Он осматривал деревню, отыскивая дом между главной улицей и отелем на улице Протеа. Найдя его выглядывающим между высоких, пушистых крон голубых камедных деревьев, он ощутил прилив сил и радости. Живет ли она все еще там? Как она выглядит? Конечно, слегка поседела. Сильно ли изменилась в свои пятьдесят или годы обошлись с ней с той же деликатностью, с которой она обращалась со всеми? Простила ли его за то, что уехал, не попрощавшись? Простит ли долгие годы молчания? Поняла ли причину, по которой он никогда не писал ей — ни слова, ни строчки, лишь анонимно переслал на ее банковский счет десять тысяч фунтов стерлингов. Несчастные десять тысяч фунтов — мелочь по сравнению с тем, что он получал и терял в те давние дни, когда был одним из королей Витвотерстрендских золотых приисков.

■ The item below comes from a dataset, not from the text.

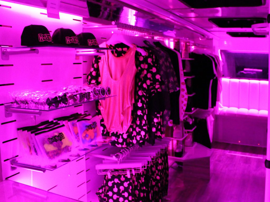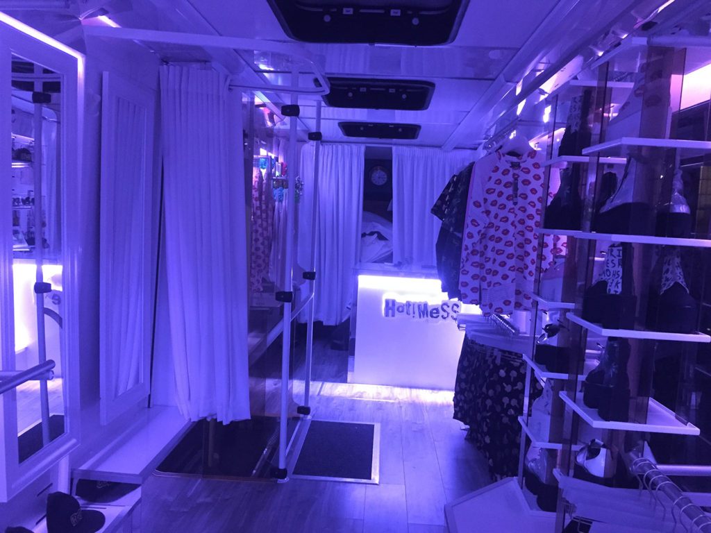 The effect is striking, offering complete changes in colour and mood at the touch of a button . Light from the LEDs completely washes the inside of the tour bus, and enables the girls of Hot!MeSS to select any shade of any colour. The easy-to-use LED remote controller even lets them run colour scrolls, adjust brightness and mix white light. The remote doesn’t need to be ‘line of site’ with the LED receiver, so the receiver and transformer are tucked together in a cupboard, out of sight.

Снова подступило чувство вины. Если бы он точно знал, что она поняла и простила! Но речь шла об Аде, его мачехе, которую он любил такой любовью, которой любят только своих настоящих матерей.

— Поехали.

Лошадь перешла в легкий галоп.

— Этот дом, папа? — крикнул Дирк, когда они подъезжали.

— Да, мой мальчик, этот дом.

— А бабушка там?

— Надеюсь, — произнес он и тепло добавил: — Больше всего на свете я надеюсь на это.

Через мост над Бабуиновым потоком, мимо загонов для скота, вдоль железной дороги и здания станции со щитом Ледибурга, который когда-то был черного цвета, а теперь сильно выцвел. Надпись на щите сообщала, что город находится на высоте 2, 256 фута над уровнем моря. Потом через пыльную главную улицу, достаточно широкую, чтобы на ней развернулась большая упряжка быков, и вниз по улице Протеа. Син и Дирк ехали впереди, где-то сзади тащился Мбеджан с гружеными мулами.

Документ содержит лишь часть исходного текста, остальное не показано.